Aww, cute pics!! He's always bouncing around like crazy!


----------



## JustDressageIt (Oct 4, 2007)

I call him my tall brown lippizzaner


----------



## Spyder (Jul 27, 2008)

Geeze after I saw "naked" I wanted to see the porno picture....what a disappointment.:-|


----------



## Moxie (May 28, 2008)

Oooh Denny... What did that crazy momma do to you now?

Me thinks he needs to come and stay with Aunty Bobbie.


----------



## NorthernMama (Mar 12, 2008)

Very cute -- reminds me of when I used to shave my dog for the summer. He would run around the house like he'd been tied for a month!

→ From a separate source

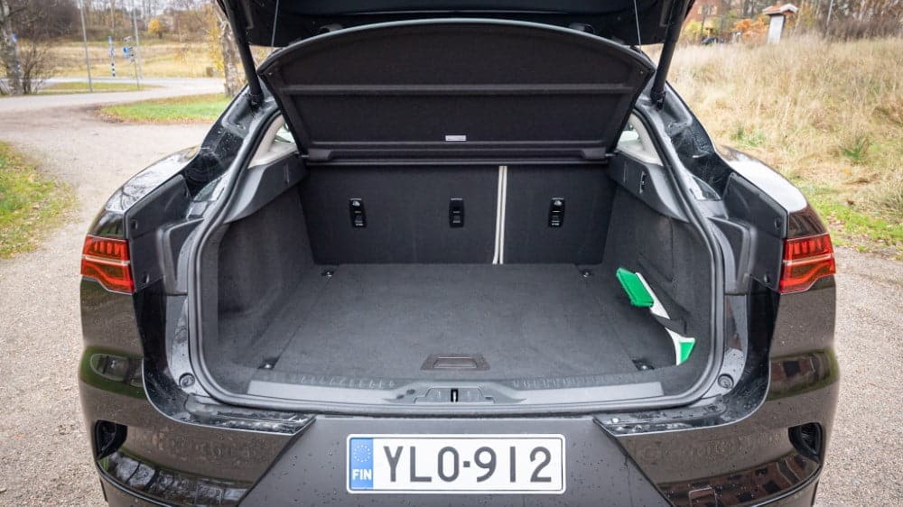 The battery has a capacity of 90 kWh and Jaguar claims a WLTP range of 470 kilometres. During the test drive, electricity consumption was in the range of 23-26 kWh/100km, which in real life is enough to cover around 350 kilometres on a single charge.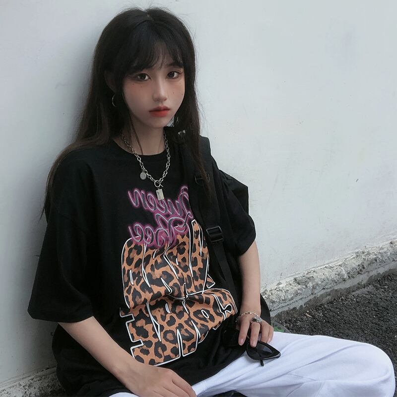 レオパードプリント柄Tシャツメンズレディース夏服ルーズ韓国ファッショントレンドゆったりトップス 夏物 スタイル CHIL98563729472

? though -- why do you have only one leg wrapped? My rule of thumb has always been if I wrap one, I wrap the other, no matter what it's for. This to provide additional support on the "good" leg in case of extra weight being put on it due to the wrap.


----------



## PoptartShop (Jul 25, 2010)

He is so gorgeous, JDI.  Nice clipping job! He's sooo cute!


----------



## mudypony (Jan 30, 2008)

He looks so cute!!! I love the second to last pic! He looks so amazing.


----------



## acey (Dec 3, 2008)

heehee i love when they first get clipped and they get a breeze up the bum and go craaazy!!!


----------



## my2geldings (Feb 18, 2008)

Just like most men, he likes to run in the nude  how is the leg coming along? want to see pics of the wound healing!


----------



## JustDressageIt (Oct 4, 2007)

Hehe too true Kelly!


----------



## JustDressageIt (Oct 4, 2007)

Alright, I'm back to my computer instead of my PSP... hehe

RE: the one wrapped leg... I did wrap both legs for a spell, but he is completely sound on his wrapped leg, and rests each back leg equally, so I don't feel a need to wrap both legs  If he were unsound or favoring one leg, I would definitely wrap both.


----------



## JustDressageIt (Oct 4, 2007)

Triple post.. haha sorry to dissapoint, Spyder..


----------



## Kiki (Feb 7, 2007)

What happned to his back leg? I noticed it was bandaged. Horses always look funny clipped but I prefer to keep it natrual and not clip em oh and it dsnt snow here.


----------



## Twilight Arabians (Dec 14, 2008)

he's so cute! good luck with him!!!


----------



## JustDressageIt (Oct 4, 2007)

Kiki, he caught himself on a strand of hotwire that was placed above the plank fencing. He's been healing for 3 months now.. grr.


----------